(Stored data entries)
---

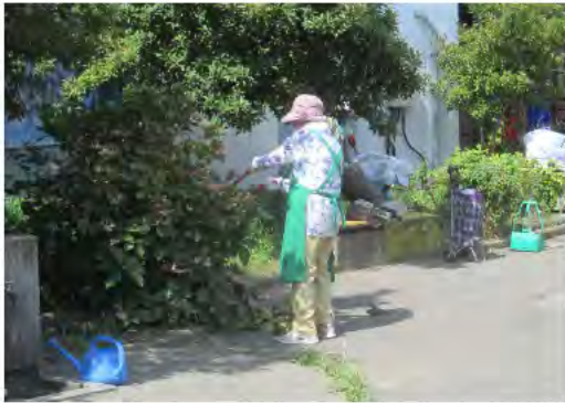
アジサイの刈り込み
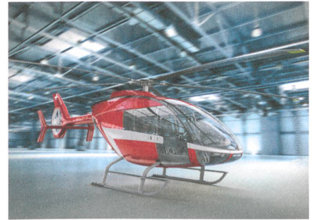
So wird er aussehen: Der «Skye SH09» soll 1,5 Tonnen zuladen oder bis zu 7 Passagiere mit Tempo 260 durch die Luft bewegen können. Visualisierung: Marengo
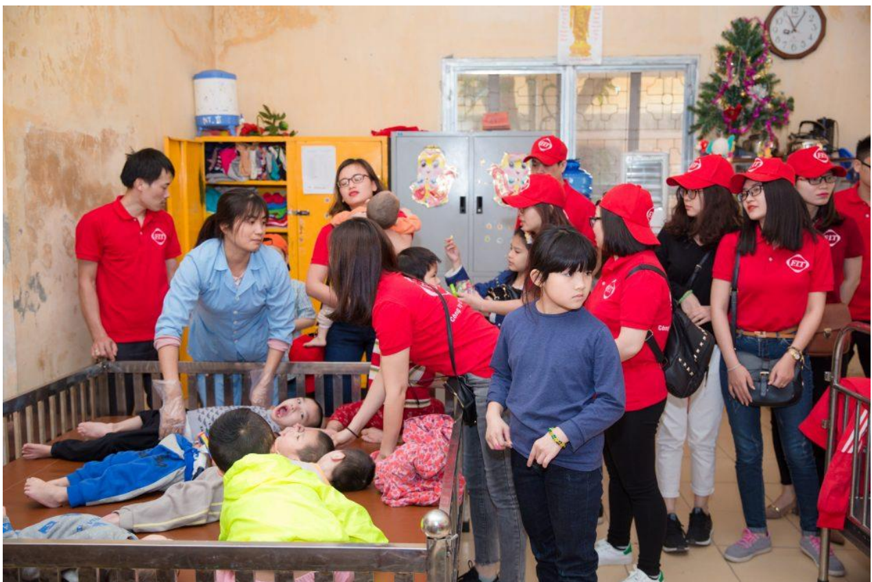
CBNV F.I.T đến thăm và hỏi han các em nhỏ tàn tật
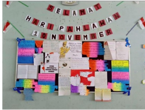
Gambar 6 Mading pada hari pahlawan
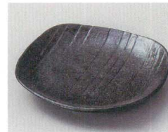
241-30-504 黒木目四角取皿 270円 15.5×15.5×2.5cm 28527503
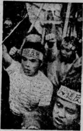
ЯПОНИЯ. Продолжается борьба миролюбивых сил Японии против отправки в Индокитай американской военной техники, отремонтированной на базе Сагами. НА СНИМКЕ: молодежь, принявшая активное участие в демонстрации перед воротами американской базы.
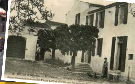
Maison des aïeules
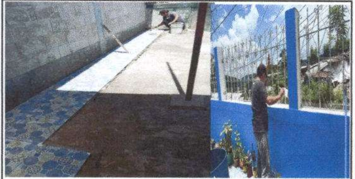
Foto 2: Se inician los trabajos de pintura y reparación de torta de concreto
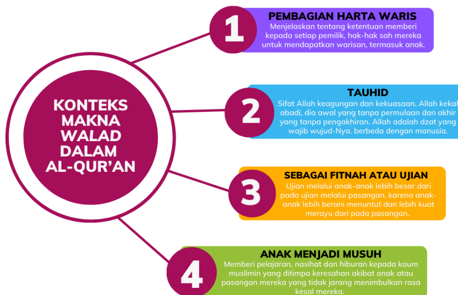
Gambar 1. Konteks Makna Walad dalam Al-Qur'an Perspektif Tafsir Al-Misbah

Konteks makna walad sebagai musuh dalam Tafsir Al-Misbah yakni memberi pelajaran, nasihat dan hiburan kepada kaum muslimin yang ditimpa keresahan akibat anak atau pasangan mereka yang tidak jarang menimbulkan rasa kesal mereka. Ayat tersebut bagaikan menyatakan “ hai orang-orang yang beriman, sesungguhnya sebagian pasangan-pasangan kamu yakni istri atau suami kamu walau mereka menampakkan kecintaan yang luar biasa dan juga sebagian dari anak-anak kamu, kendati mereka menunjukkan kasih sayang dan kebutuhan kepada kamu —sebagian dari mereka itu —adalah musuh bagi kamu atau bagaikan musuh. Ini karena mereka dapat memalingkan kamu dari tuntunan agama, atau menuntut sesuatu yang berada di luar kemampuan kamu sehingga akhirnya kamu melakukan pelanggaran, maka berhati-hatilah terhadap mereka jangan sampai mereka menjerumuskan kamu dalam bencana; dan jika kamu memaafkan kesalahan mereka yang dapat ditoleransi dan berpaling tidak mengecam atau marah atas kesalahan mereka serta mengampuni kesalahan mereka dengan tidak menyampaikan kepada pihak lain, maka Allah akan menutupi juga aib dan kesalahan kamu karena sesungguhnya Allah Maha Pengampun lagi Maha Penyayang. ” Beberapa pasangan dan anak-anak bersikap demikian. Meskipun tidak semuanya, ketahuilah bahwa semua harta dan anak-anak kamu adalah ujian bagi dirimu: dari mana kamu memperoleh harta itu, bagaimana kamu membelanjakannya, serta bagaimana kamu memperlakukan dan mendidik istri serta anak-anakmu. 30
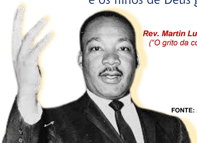
Rev. Martin Luther King Jr. ("O grito da consciência")

As estrelas da manhã cantarão em coro, e os filhos de Deus gritarão de alegria.
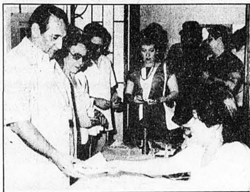
Le président Duarte, qui vote ici, et son parti, la Démocratie-Chrétienne, ont crié victoire.
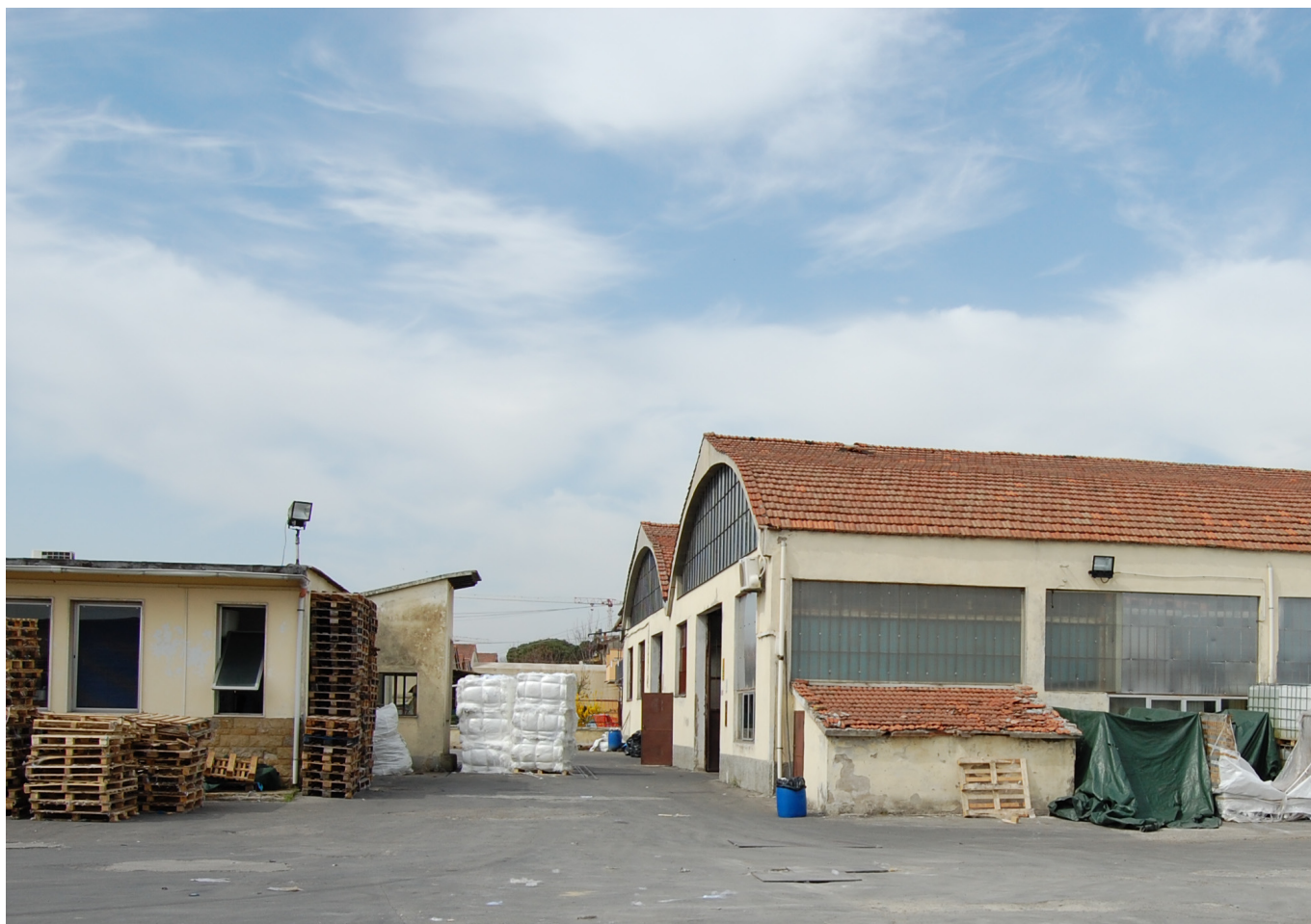
FOTO 1 - Il piazzale della fabbrica
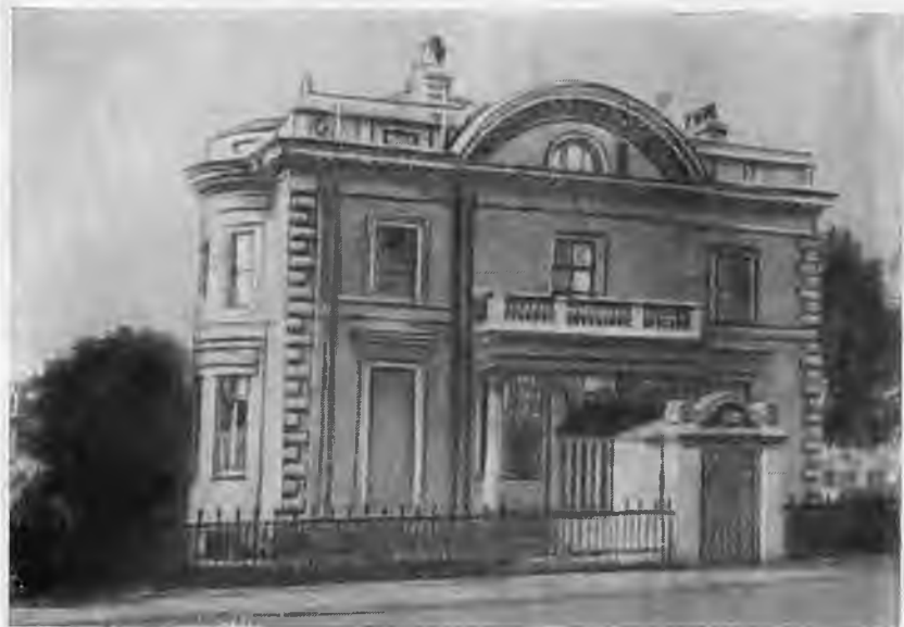
Дом в Лондоне, где жил А. И. Герцен в 1861 г. (Орсет-хауз).
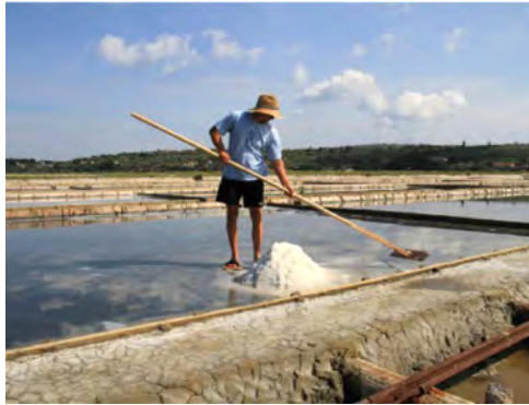
Sečoveljske soline

Po ogledu Postojnske jame bomo pot nadaljevali proti Obali, kjer si bomo v Portorožu najprej privoščili kosilo v hotelu Boutique Portorose, po kosilu pa bomo obiskali Sečoveljske soline , ki so glede na pisne vire stare najmanj sedemsto let. Pradavni način pridobivanja soli oz. solinarjenja, ki so se ga piranski solinarji pred davnimi časi naučili od svojih učiteljev, solinarjev z otoka Paga na Hrvaškem, je še danes nekaj posebnega, tudi v sredozemskem merilu. Tradicionalno ročno pobiranje soli na solnih parcelah ni le posebnost kulturne dediščine sredozemske Slovenije, ampak med drugim zagotavlja razmere, ki omogočajo ohranjanje najpomembnejše naravne dediščine Sečoveljskih solin.
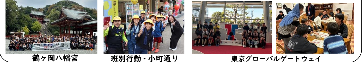
鶴ヶ岡八幡宮 班別行動・小町通り 東京グローバルゲートウェイ
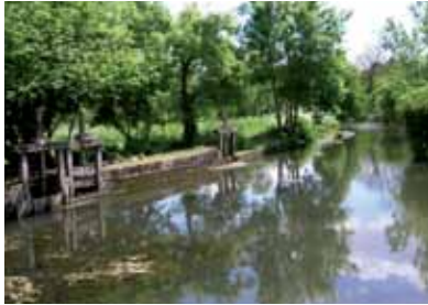
Vue du canal - Moulin Bertault

Une force motrice ponctuée de moulins et d'usines

---

EXERCISE DETAILS> Respond with the exact lines above running from the one containing "Gambar 6 Mading pada hari pahlawan" to the one containing "Maison des aïeules", both ends kept and no pictures included.

RESPONSE>
Gambar 6 Mading pada hari pahlawan
241-30-504 黒木目四角取皿 270円 15.5×15.5×2.5cm 28527503
ЯПОНИЯ. Продолжается борьба миролюбивых сил Японии против отправки в Индокитай американской военной техники, отремонтированной на базе Сагами. НА СНИМКЕ: молодежь, принявшая активное участие в демонстрации перед воротами американской базы.
Maison des aïeules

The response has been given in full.